Deutsches Stromnetz: Ausbau zu langsam
Experte kritisiert mangelndes Interesse der Länder.
Der Ausbau der Stromleitungen in Deutschland im Zuge der Energiewende geht nur langsam voran. Die Hälfte von 24 besonders wichtigen Ausbauprojekten verzögert sich, erst 214 von insgesamt 1.807 Kilometern sind bislang fertiggestellt, wie die Bundesnetzagentur laut einem Bericht des Handelsblattes bemängelt.

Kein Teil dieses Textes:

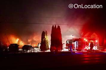Lakeshore Fire Stations 1 & 2 Crews are on scene of a fully involved barn fire in the 900 block of Talbot Rd. Ariel operations underway. Multiple units on scene. 2nd Alarm Assignment. O.P.P. on traffic. EMS on standby #Lakeshore pic.twitter.com/jl75yWF5pK

Problem nicht ernst genommen
Die bestehenden Netze sind dem „Monitoringbericht 2011“ der Netzagentur zufolge durch die Vielzahl der in den vergangenen Jahren zu erfüllenden Transportaufgaben und die Veränderung der Erzeugungsstruktur am Rand der Belastbarkeit angekommen. Der Zeitverzug liegt zwischen einem und vier Jahren.
„Das Thema ist ziemlich komplex“, meint Holger Krawinkel, Energieexperte bei der Verbraucherzentrale Bundesverband e.V. (vzbv), im Gespräch mit pressetext. „Das Hauptproblem ist die zu geringe personelle Ausstattung der Planstellen, denn viele Länder haben oft auch gar kein Interesse an einem Ausbau“, so Krawinkel. Vor allem die Länder in Mitteldeutschland hätten nichts davon, wenn Strom vom Norden in den Süden transportiert wird. Es gebe natürlich auch Widerstände seitens der Bevölkerung.
Der schleppende Ausbau wird anhand von zwei Beispielen deutlich: Die Leitung zwischen Mecklenburg-Vorpommern und Schleswig-Holstein ist zwar im ersteren Bundesland fertig, in Schleswig-Holstein liegen jedoch nicht ein Mal die Planungsbeschlüsse vor. Ein anderes Beispiel ist die Stromleitung zwischen Koblenz und Köln. „Während man das Netz in Rheinland-Pfalz bereits fertiggestellt hat, wurde in Nordrhein-Westfalen noch gar nichts gemacht“, kritisiert Krawinkel.
Unklare Versorgungslage
Ein weiteres Problem sind laut dem Experten die unklaren Interessen der Netzbetreiber: „Oft ist die Versorgungslage nicht eindeutig, daher ist auch keine vernünftige Netzplanung möglich. Diese Tatsache schreckt natürlich auch die Netztreiber ab, denn diese haben natürlich eine entsprechende Rendite im Auge.“ So kann es durchaus passieren, dass Leitungen gebaut werden, die man dann letztendlich nicht braucht. „Zum Beispiel, wenn das Bundesland Bayern höhere Investition in die Windenergie beschließt, dann benötigt das Land keinen Strom aus dem Norden“, erklärt der Energiefachmann.
Für einen adäquaten bundesweiten Netzausbau sei ein komplexes Planungsverfahren notwendig: „Bund und Länder müssen ein Mengengerüst erstellen und feststellen, wo ein Ausbaubedarf besteht“, unterstreicht Krawinkel.